At iteration 60 the objective value for each of the following is... Computer 1: 1880.2398 Computer 2: 1808.7519 Computer 3: 1808.7519 Computer 4: 1923.2458
A few other notes:
Despite the fact that these examples are all from the MATLAB examples, based on other problems I have tried, I know that the same problem reoccurs when compiling the 0.4.0 C++ versions of the examples for Windows and distributing the binaries to the different machines.

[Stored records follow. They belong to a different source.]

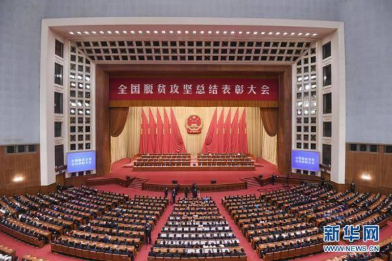 2021年2月25日,全国脱贫攻坚总结表彰大会在北京人民大会堂隆重举行。中共中央总书记、国家主席、中央军委主席习近平在大会上庄严宣告,经过全党全国各族人民共同努力,在迎来中国共产党成立一百周年的重要时刻,我国脱贫攻坚战取得了全面胜利,现行标准下9899万农村贫困人口全部脱贫,832个贫困县全部摘帽,12.8万个贫困村全部出列,区域性整体贫困得到解决,完成了消除绝对贫困的艰巨任务,创造了又一个彪炳史册的人间奇迹!这是中国人民的伟大光荣,是中国共产党的伟大光荣,是中华民族的伟大光荣!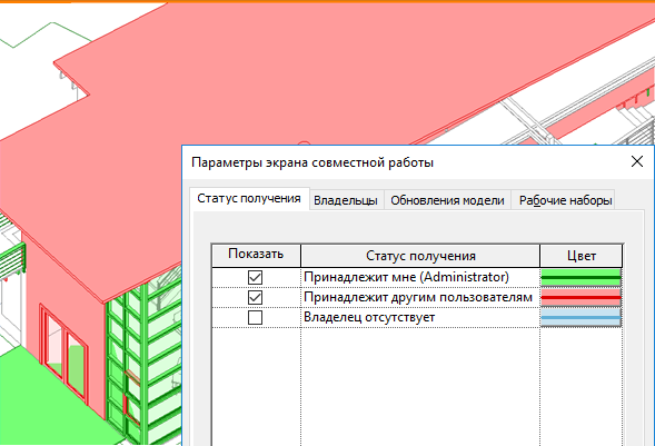3. Для требуемых владельцев или элементов без владельцев выберите "Показать цвета".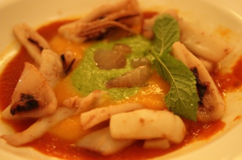 In sala tante presenze che hanno potuto degustare un delizioso alternarsi di piatti di carne e pesce. L’ingresso è stato affidato alla ricottina al profumo di limone: interessante il prodotto proveniente dalla penisola Sorrentina. Bello già alla vista l’antipasto, calamari su crema di zucca a contornare pezzi di triglia affumicata, quasi fluttuante su un tappeto verde di zucchine.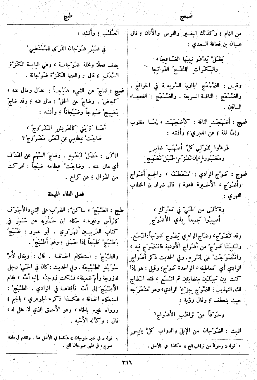 ضوج: ضَوْج الْوَادِي: مُنْعَطَفُه، وَالْجَمْعُ أَضْواج وأَضْوُج، الأَخيرة نَادِرَةٌ؛ قَالَ ضِرَارُ بْنُ الْخَطَّابِ الْفِهْرِيُّ: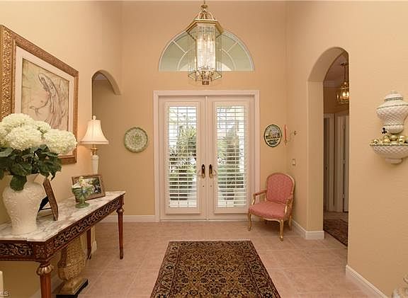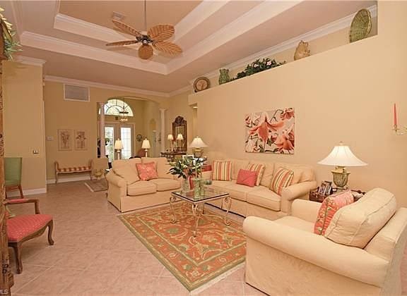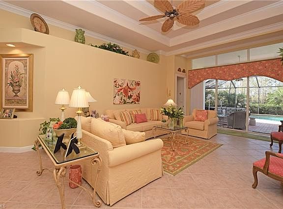PRICE REDUCTION.. FURNISHED PRISTINE single family, Saranac Collection model, 3 bedrooms plus den,3.5 baths (inclusive of pool bath) overlooking the Arnold Palmer Signature Golf Course. Open, airy spacious floor plan of 2,681 sq.ft..with 13' coffered ceilings, 12' sliders to lanai. Sitting room (12X 9). Upgrades include:Hurricane Impact Front Double Doors,Hurricane accordion shutters, Electric Hurricane screen on lanai, Plantation Shutters throughout, A/C system replaced in 2010,water heater 2015, refrigerator, dishwasher 2017, new screening lanai cage 2018. Crown molding, built-in entertainment center in den/ study,professional window treatments, new landscaping in front and rear of house....Rear exposure is to the West..can view beautiful sunsets....GOLF COURSE RENOVATION and CLUB HOUSE IMPROVEMENT PROJECT ASSESSMENTS HAVE BEEN PAID IN FULL BY OWNERS/SELLERS

Results are always consistent within each machine. To the best of my knowledge, I have never gotten different results from day to day on the same machine, and the number of threads used is never a factor.
All of these machines are using the 0.4.0 release of Moco. On each machine, the Moco 0.4.0 binaries are the only OpenSim binaries in the system/user path environment variable, and the ConfigureMoco script has been run on each to setup MATLAB.
Conclusions
I am kind of at a loss for what might cause this behavior. The fact that the differences are so consistent means it has to do with something specific to each system but all of them are running the same version of MoCo. I wouldn't have been so surprised if only Computer 4 was inconsistent as it is the weirdest of the bunch by far. Whatever the case, this behavior is a bit of a challenge for me. For my use case, I have found that these difference sometimes end up much larger as different machines get stuck at different local optima for the same problem with differences in the objective function many orders of magnitude larger than the convergence tolerance.